Es bonito recordar el pasado, más cuando aquél fue distinto en formas y en cierto grado mejor al actual. A pesar de mi escasa edad –apenas rebaso los 40-, me gusta y prefiero más el tiempo que pasó, el tiempo de mi infancia; al que vivo ahora, incluso con la tecnología que nos arrolla, no lo cambio en lo personal, por lo transcurrido “ayer”.
Cuán lejos quedaron los días en que la gente en la temporada de verano podíamos dormir en el patio o porche de la casa, ya sea porque no se contaba con un aparato acondicionador de aire, que era lo más probable o porque simple y sencillamente era del gusto general hacerlo. Yo recuerdo que en el patio de mi casa, muy amplio y limpio sobre todo, se hacía un tenderete de catres a todo lo largo y ancho del mismo. Para amainar un poco el sofocante calor, mojábamos o para que no se oiga tan feo, rociábamos las sábanas con un poco de agua e inmediatamente la tendíamos para sentir lo fresco del momento.
Poco antes de conciliar el sueño –el cual llegaba por la madrugada-, la plática era obligada entre los mayores y no faltaba la intromisión de algunos de mis hermanos o incluso, yo mismo. En esas charlas pre-oníricas, no faltaban los comentarios del día: que si fulano se portó mal; que si mangano no quiso ir a la tienda; que si zutano no se quiso bañar, en fin, eran cosas banales; pero acostumbradas en una familia de esos tiempos.

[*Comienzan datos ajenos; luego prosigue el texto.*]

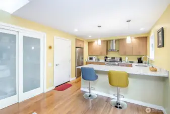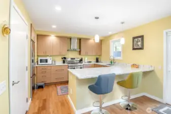 Set on nearly a half-acre, this home offers the perfect blend of comfort and function. The open layout features bamboo flooring, quartz countertops, and a gas fireplace for cozy evenings. The kitchen shines with under-cabinet lighting and a wired pantry, while the bathroom’s heated floors add luxury to your morning routine. Step outside to an expansive patio and yard—ideal for entertaining or relaxing—with a gas BBQ hookup, outdoor hot water access, and a sprinkler system. A garage with epoxy floors and a backyard shed with an electric door make yard work and storage effortless, completing this move-in ready retreat built for everyday living and easy enjoyment.
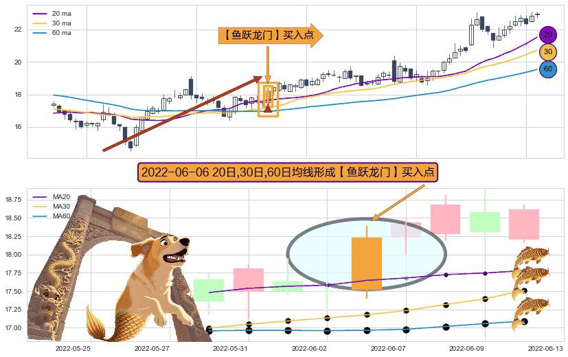 形态多维评估: ⚀ 2022-06-06日显现 20日-30日-60日均线 【鱼跃龙门】买入点 看多信号,后市看涨,买入
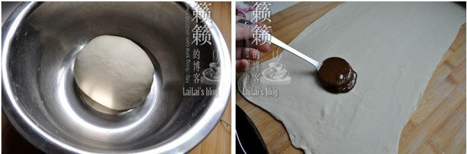1-2.將酵母在溫水中化開,靜置3、5分鐘;徐徐倒入面粉盆中,邊倒邊用筷子將面粉攪拌成雪花片狀,再搓揉成光滑面團(tuán);案臺(tái)上撒上手粉,將面團(tuán)用搟面仗搟成長(zhǎng)方形面片,芝麻醬加入糖、鹽混合均勻,涂抹在面片上;
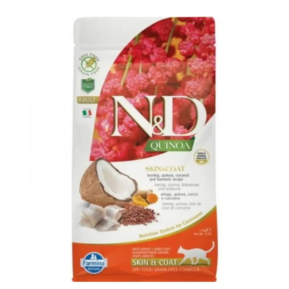Az N&D Quinoa Cat Skin & Coat Hering speciális igényű, érzékeny macskák számára készült, akiknél gyakran jelentkezik viszketés, bőrgyulladás, szőrhullás vagy ételintolerancia. A receptúra limitált összetevőkből áll, egyetlen, ritkán használt állati fehérjeforrással – heringgel –, így ideális választás eliminációs vagy érzékeny étrend esetén.
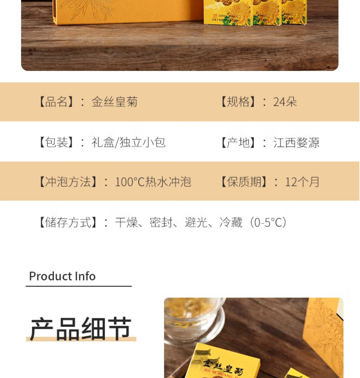 婺源有机金丝皇菊24朵一盒

Siguiendo con mis recuerdos inolvidables, había ocasiones, en que mi padre, guitarra en mano, entonaba canciones de tiempos aún más lejanos, quizá de ahí nació mi predilección y gusto por la música bonita, la música real y romántica de antes. Canciones como “Sólo Dios”, “Luna de octubre”, Corazón”, “Contigo” y otras muchas más por nombrar solamente algunas, fueron siempre de mi agrado. Hoy en día forman parte de la discografía personal.
Yo recuerdo que siempre fui muy temeroso. Dormía ante la égida mirada de mi abuela paterna y eso me reconfortaba. Como nosotros vivíamos a la falda del monumento a Juárez, y el patio de que les hablo colinda con esa parte del “cerro” como lo conocemos más, le temía a las sombras de la estatua del Benemérito de las Américas, mismas que producía la Luna hermosamente brillante de esos meses terriblemente calientes, y que mi mente de niño, reproducía en demonios y mil fantasmas brotados del miedo y la afiebrada imaginación.

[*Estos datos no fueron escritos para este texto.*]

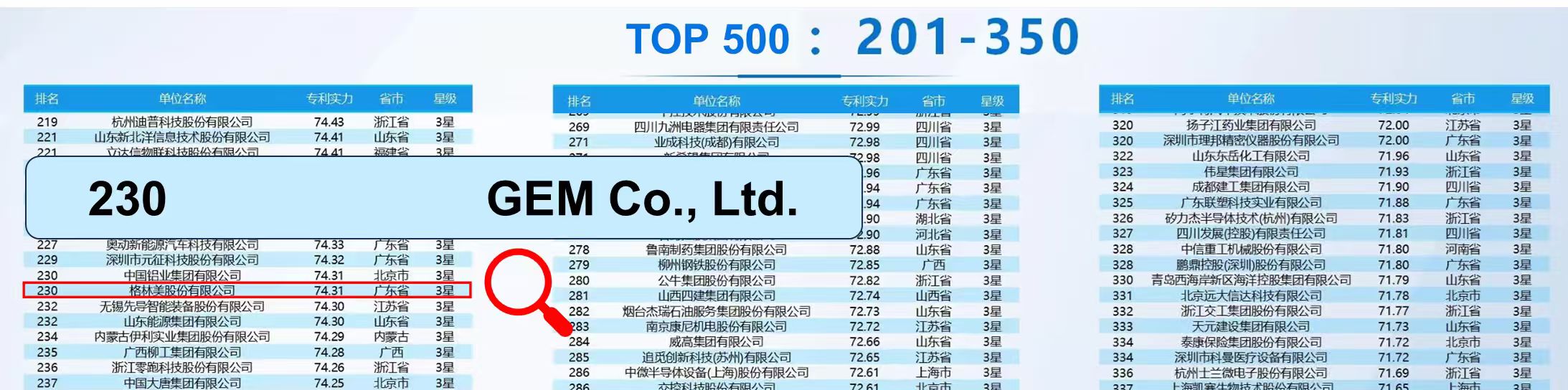 This significant improvement in GEM’s patent strength ranking reflects the success of its long-standing innovation formula: “Super Talent + Super Equipment + Super Innovation = Super Technology”.
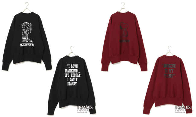 スヌーピーの生みの親、チャールズ・M・シルル 氏が1950年から描き始めたコミック「ピーナッツ」に登場するキャラクターをモチーフにしたスウェットをマドモアゼル ロペ限定で発売します。 ヴィンテージアイテムでも価値の高いシリーズで、フロントはコミックに登場するキャラクター、スヌーピー、チャーリー・ブラウン、ライナスの アートワークを採用、バックは劇中で発したセリフをプリントした、全4型をラインアップ。
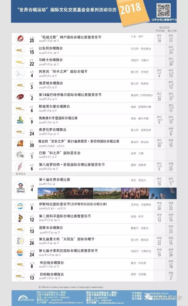 2018年南非将要见证一场合唱盛事:第十届世界合唱比赛将于2018年7月4-14日在南非茨瓦内举行。合唱饕餮盛宴您不容错过,这同时也是南非第一次举行如此盛大的合唱音乐活动,将会带领全世界的人们跟随音乐的韵律旋转和歌唱。
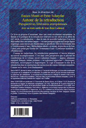 Comme les traductions, les retraductions permettent à l'oeuvre littéraire un nouvel accomplissement. C'est dans cette perspective que se placent les contributions de ce volume, ouvert à plusieurs langues anglais, allemand, espagnol, français, italien, polonais et à plusieurs approches historiques, littéraires, sociologiques et linguistiques. Il s'agit d'examiner le rôle de la retraduction dans la construction-déconstruction des canons littéraires européens. Comme on le verra, il est fondamental.
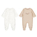 This Mayoral newborn boys’ two-piece set features soy-coloured onesies in tan and cream, each adorned with a charming train design pattern. Crafted for comfort and ease, this set provides a soft, stylish option perfect for your baby’s everyday wear.
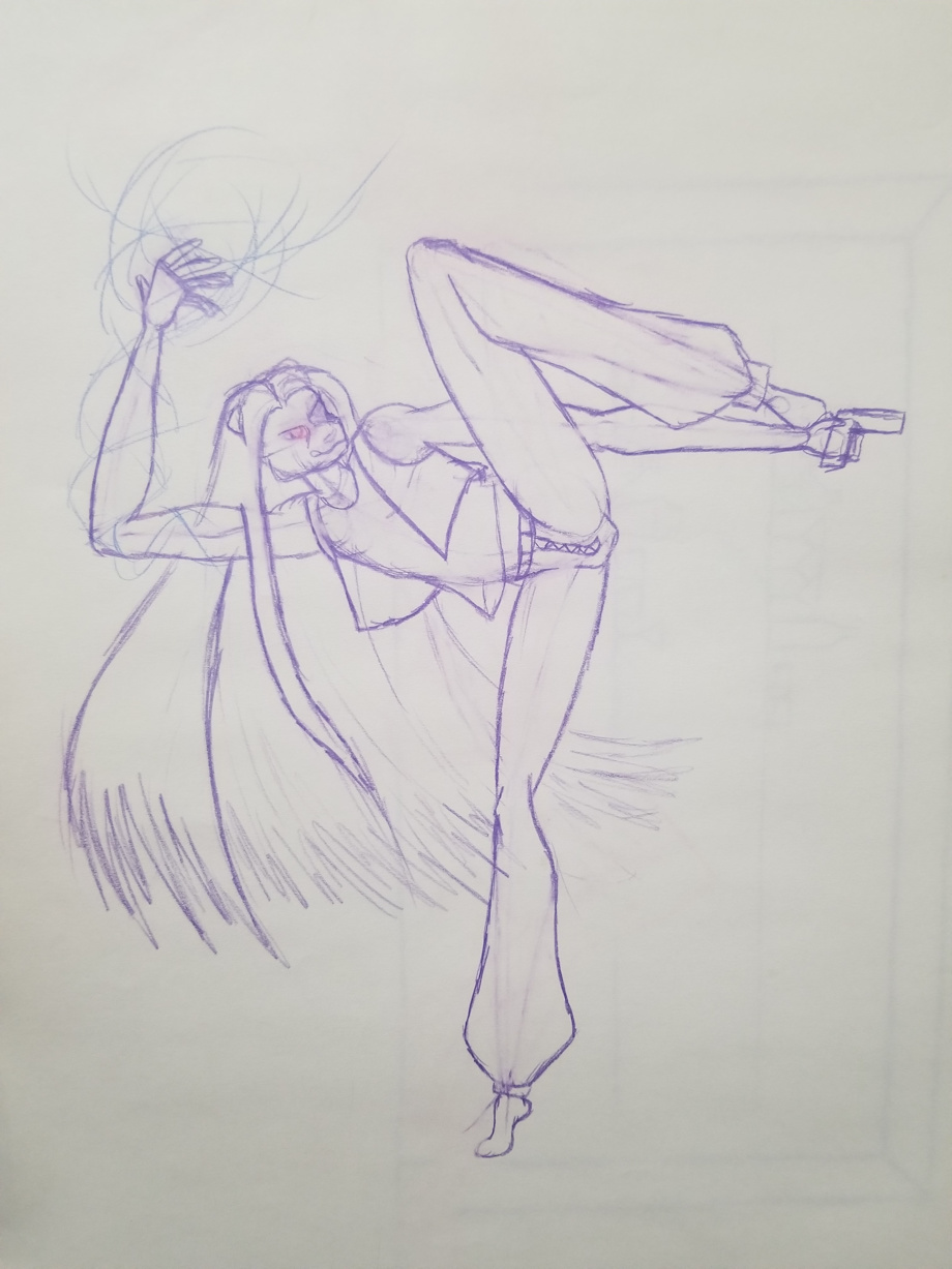 My very first character, Xero Black. I killed him off a few years back to become my current main, the hybrid Judah Vishas. That pose, and subsequently the length of his limbs, were based on a Bayonetta image.
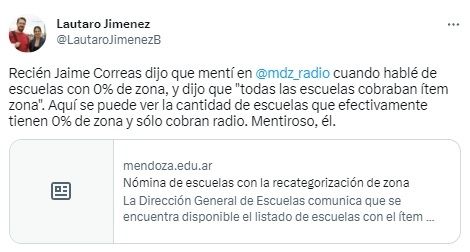 La discusión no quedó “en el aire” y Lautaro Jiménez respondió a los dichos de Correas a través de sus redes sociales: “Recién Jaime Correas dijo que mentí en MDZ Radio cuando hablé de escuelas con 0% de zona, y dijo que ‘todas las escuelas cobraban ítem zona’. Aquí se puede ver la cantidad de escuelas que efectivamente tienen 0% de zona y sólo cobran radio. Mentiroso, él”.
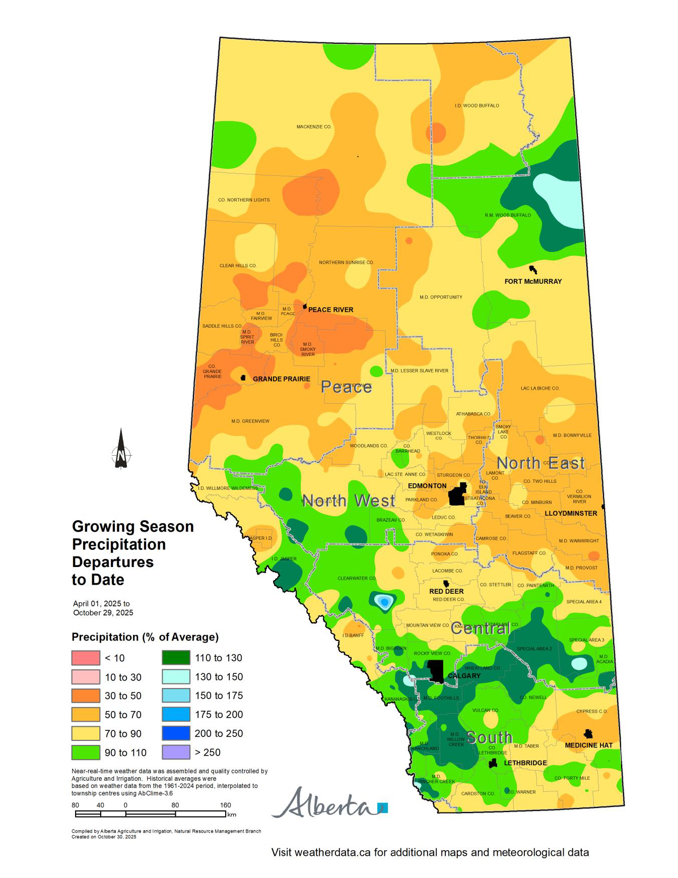Across the North East Peace and most of the North West Regions, growing season precipitation continues to range from low to driest, relative to long-term normal (Map 5). Thanks to October precipitation, some areas in these regions did improve their growing season accumulation. It is hoped that much of that moisture will go toward recharging soil moisture conditions. Most areas across these regions received less than 70% of their long-term average growing season precipitation (Map 6). Although, the zones with precipitation departures of 30% to 50% of normal did shrink within the counties of Lac La Biche, Grande Prairie, Birch Hills, Smoky River, Big Lakes, Greenview, Saddle Hills, Fairview, Peace, Northern Sunrise, Northern Lights, and Mackenzie.
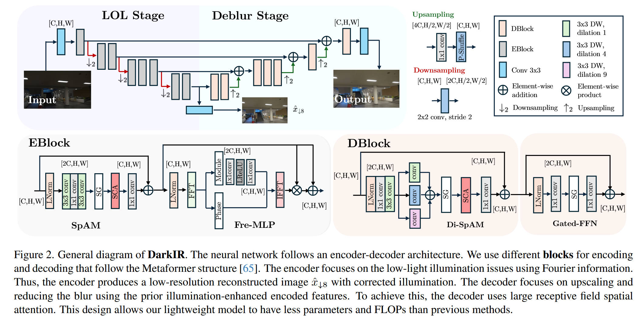 - DarkIR 的解决方案: 提出了一种多任务低光照图像恢复网络,通过在频域 处理光照信息,在空域处理模糊信息,实现了端到端的高效恢复。
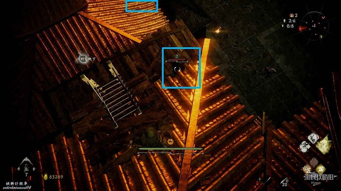 隨後回到2層,從旁邊的梯子處跳至屋頂。
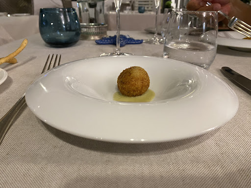 Il ristorante si presenta molto elegante con con addirittura un pianista che suona un pianoforte a coda. Il Maitre ci fa accomodare in una saletta molto buia (passare dal giorno alla notte è stato un attimo). A questo punto inizia la maratona... Tempi di attesa lunghissimi, quasi un'ora tra una portata e l'altra !

Es posible que no me crean, pero la puerta principal de la casa, permanecía abierta de para en par. Y no había el peligro de que se introdujera algún malandrín o ratero porque Guaymas era como un pueblo familiar. Si en estos tiempos se intenta, no digo dormir con la puerta abierta, tan sólo en el portal de la casa, esa sola situación entraña un verdadero peligro.
Antes de pasar a la cama, sobre el fogón siempre ardiendo, un comal fabricado con la parte superior de algún tibor de 200 litros, servía para hacer las mejores tortillas de harina, esas sí caseras, bajo la mano experta de mi madre y abuela, y no faltaba desde luego el plato caliente de frijoles recién hechos en esa “cocinita” de mi infancia. Apenas iban saliendo del comal, y no las dejábamos llegar a la servilleta: en el aire las pescábamos. qué buen sabor tenían.
Casi en el fondo del terreno, había un tocón de un pino derribado por cuestiones de seguridad (las raíces se estaban metiendo en los cimientos de la casa principal y amenazaban con tumbarla) y sobre él, un molino manual, que servía para convertir en diminutos granos infinitos, el café que momentos antes había tostado mi abuela. Qué bonito huele a la redonda cuando se está tostando el grano y se le agrega el azúcar. Confieso que a mí no me gustaba molerlo, porque era muy tedioso. Tres o hasta cuatro veces pasarlo por la rueda del molino. Ah, pero después de pasado por la talega, qué sabroso sabía. De preferencia se consumía por las tardes.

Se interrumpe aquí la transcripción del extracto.